I tend to always end up playing around midnight EST, so hit the offline for maintenance an awful lot.
It bothers me that it's structured such that reload doesn't work, so thought I'd offer the apache configuration I use for my offline pages when I need them. In short, when it's activated, any request just gets locally mapped to the offline page, with an extra tweak to allow the offline accessories (images, stylesheets, whatever) to load just fine.
Here it is:
<IfDefine OFFLINE>
RewriteEngine On
RewriteCond %{REQUEST_URI} !^/offline/
RewriteRule .* /offline/index.html [L]
</IfDefine>
To translate:
0) if apache is started with -DOFFLINE declaration, then ....

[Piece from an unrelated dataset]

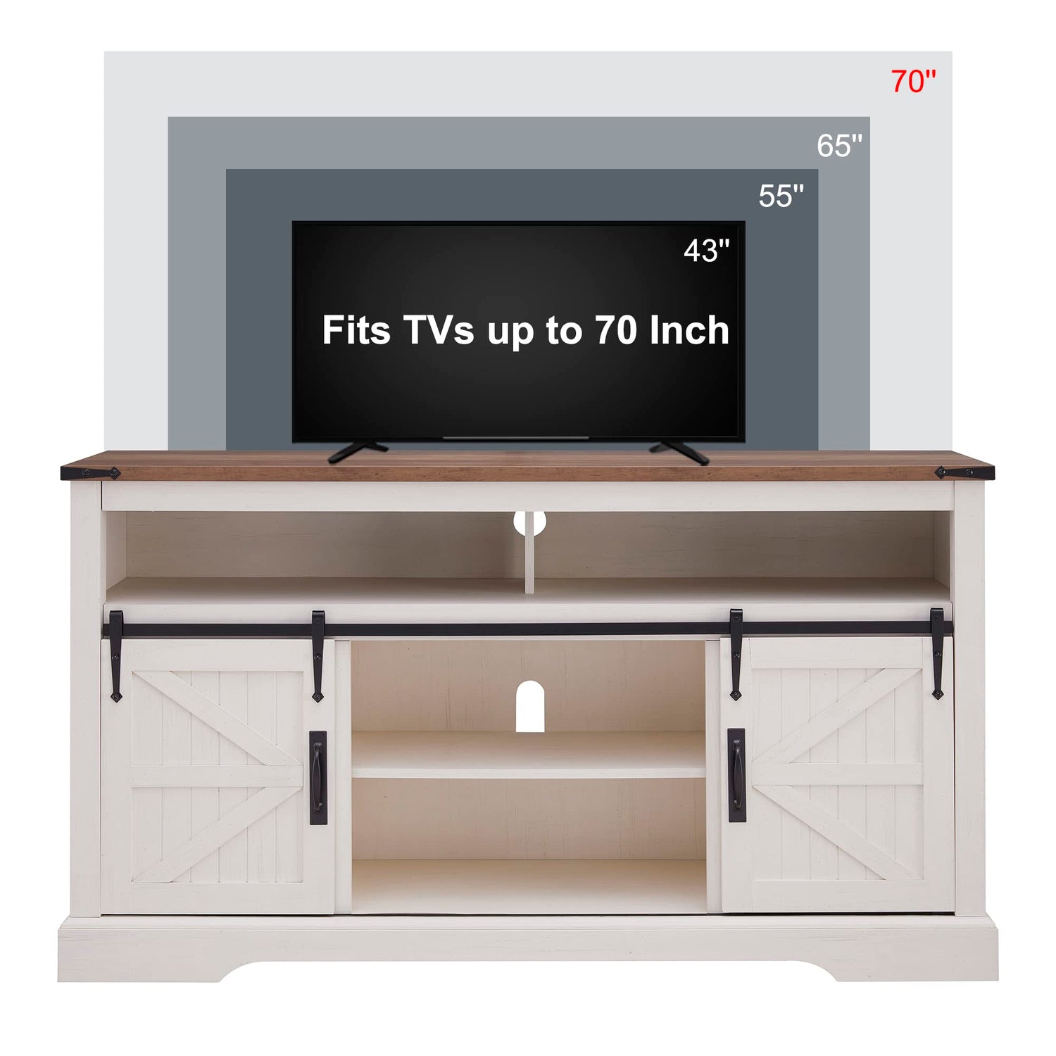 - Ample and Flexible Storage: Design with a 6.3” wide open soundbar shelf above the cabinet, convenient for placing a soundbar or game console. Classic sliding barn doors add sophistication to the space and allow you to hide clutter behind the doors, keeping the room neat and organized. Each storage cabinet has 1 removable and adjustable storage shelf to fit items of different sizes. 60" wide tabletop fits TV up to 70 inches. Large cable management cutouts to keep electronic wires organized.
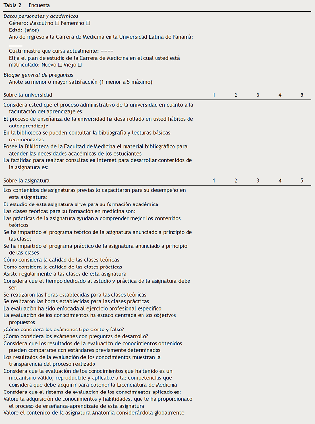 Resultados: La encuesta tiene varias fortalezas: a) poco onerosa y de aplicación fácil; b) naturaleza impersonal; c) el anonimato de la misma, junto con la ausencia de los docentes implicados en la asignatura evaluada, garantiza la libertad de respuesta, y d) no está ajustada a realizar en un tiempo determinado, lo que facilita las respuestas del estudiante.

1) turn the mod_rewrite engine on
2) anything with a URI that begins /offline/ gets let through
3) anything else gets rewritten to the offline/index.html page
This is a good idea, thanks, but not appropriate for our situation.
We do live testing when the site is down - I can use the site as normal. So we can't do this at the Apache level.
I have always planned to modify that maintenance page so it appears on the last page you used, and therefore, even if you made a large forum post and the site went down, you could just wait and press ‘refresh’ on the browser until the site came up, and the your efforts would still be saved.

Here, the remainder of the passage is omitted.